There is no point in using a thread pool (that I don't have either) because it is a too generic construct; here I want to address only my specific task. Depending on the implementation I would also pay a performance penalty for the queue.

Do you have any suggestion for a quick wake-up without using mutex or con_var?

I was thinking in setup threads like timers reading an atomic variable; if the variable is set to 1 the threads will do the job; if it is set to 0 they will go to sleep for few microseconds (I would start with microsecond sleep since I would like to avoid using spinlocks that might be too expensive for the CPU). What do you think about it? Any suggestion is very appreciated.

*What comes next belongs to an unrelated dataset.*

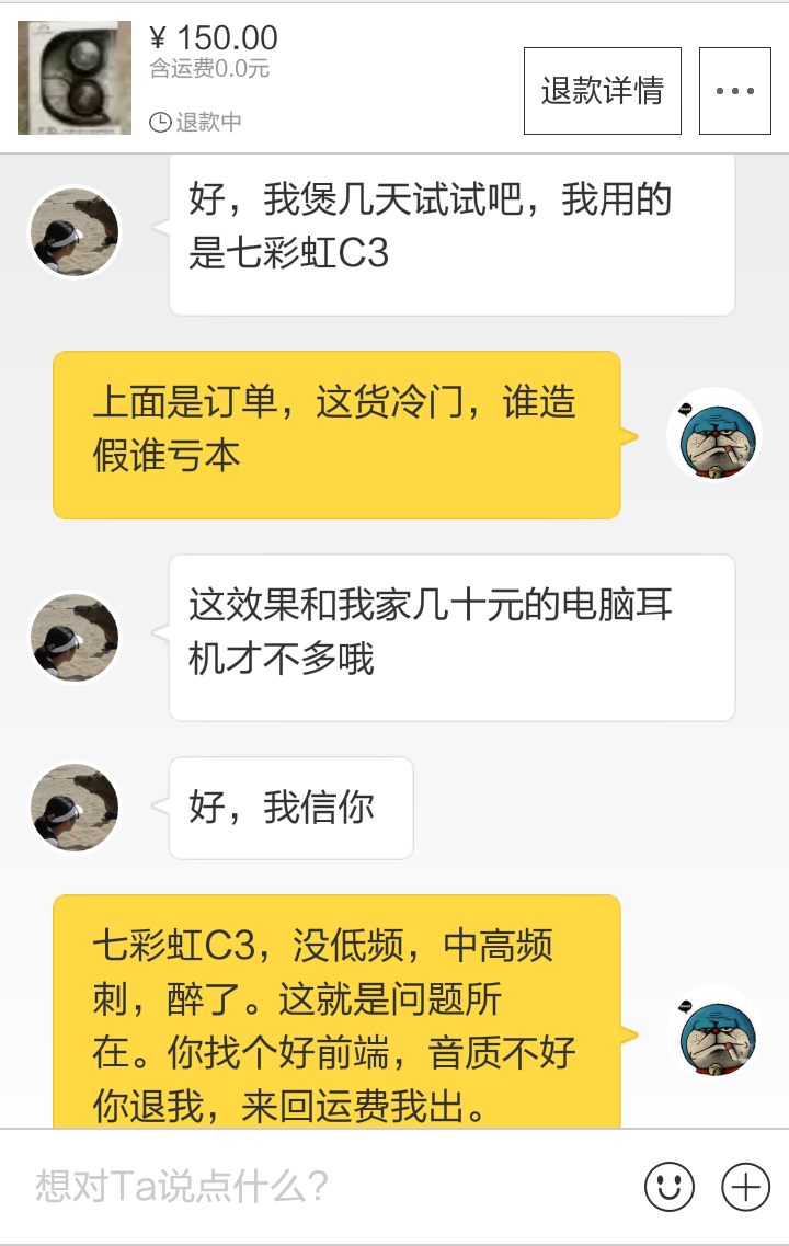 说我的是假货,我擦!!这,这么冷门的耳机没假货吧!!!然后我问了一下他用什么前端,回答七彩虹C3,醉了!!!

I am using Linux, gcc, C and C++.

unwind
  • 391,730
  • 64
  • 469
  • 606
Abruzzo Forte e Gentile
  • 14,423
  • 28
  • 99
  • 173
  • 2
    If your performance requirements are too extreme for the existing mutex/condition-variable approach, then you're already at the stage where you do want to burn a little CPU spinning for more work before falling back on the mutex/condition-variable. Microsecond sleeps may not work as you expect: if your process isn't de-scheduled then the CPU's not given other work anyway, and if it is your latencies may sky-rocket. – Tony Delroy Apr 08 '11 at 09:30
  • Hi Tony. I have a multicore NUMA machine. Is it true that in this case I should not have any context switching? I create the thread without any particular setting or configuration...do you think that any special setting is required to avoid the context switching? – Abruzzo Forte e Gentile Apr 08 '11 at 10:02
  • @Abruzzo: there are lots of factors, the dominant one being that scheduling logic's changed with Linux's kernel versions. But, in general if you tell a scheduler that you've nothing to do and it has something waiting, I wouldn't bet on it keeping you around (better chance if your delay period is clearly intra-time-slice anyway). With any serious tuning, the smart money's on implementing the alternatives and benchmarking with your actual hardware, compilers, task sizes, contention rates, data flows, kernel version etc.. – Tony Delroy Apr 08 '11 at 10:09
  • I would propose a lock-free algorithm using an internal state machine if the task suits it. – Blagovest Buyukliev Apr 08 '11 at 10:21
  • @Blagovest can you elaborate a bit? Do you mean a while loop around a variable keeping the state? I don't understand how to use them for my issue i.e. make my threads really "reactive" on some events and tell them to start doing my tasks as soon as they can. – Abruzzo Forte e Gentile Apr 08 '11 at 10:43
  • @Blagovest: in other words, pure spinning while waiting for events... if you've got CPU to burn and need minimal latency, can't beat it. – Tony Delroy Apr 08 '11 at 10:44
  • I fell like I start loving this idea..just 1 core dedicated to this task; if I set thread affinity it will not hurt other processes running in other cpus ( provided that the affinity for those are set correctly ). – Abruzzo Forte e Gentile Apr 08 '11 at 11:02
  • @Tony @Blagovest thanks a lot for your responses. Have a nice day.Best Regards AFG – Abruzzo Forte e Gentile Apr 08 '11 at 12:56
  • @Abruzzo: no worries - do drop in a note to say how it pans out for you. Cheers. – Tony Delroy Apr 08 '11 at 16:54
  • Do these tasks need to overlap in time on different cores? If not, threading buys you nothing. – Mike Dunlavey Apr 09 '11 at 17:01
  • @Mike I was thinking to spawn one extra thread per core. Why do you say that pays nothing? I thought that being multicore, each core is really independent having its clock. Can you elaborate a bit? – Abruzzo Forte e Gentile Apr 11 '11 at 09:41
  • Yes each core can run in parallel with the others. But what is the nature of the tasks being performed? Can you actually get 2 or more cores performing tasks at the same time, or can you only run one task at a time, therefore only one core at a time? That's what I'm driving at. If the work is basically serial, not parallel, threading over multiple cores won't make it any faster. – Mike Dunlavey Apr 11 '11 at 12:15
  • The nature of the task is parallel. – Abruzzo Forte e Gentile Apr 11 '11 at 13:15

2 Answers2

5

These functions should be fast. If they are taking a large fraction of your time, it is quite possible that you are trying to switch threads too often.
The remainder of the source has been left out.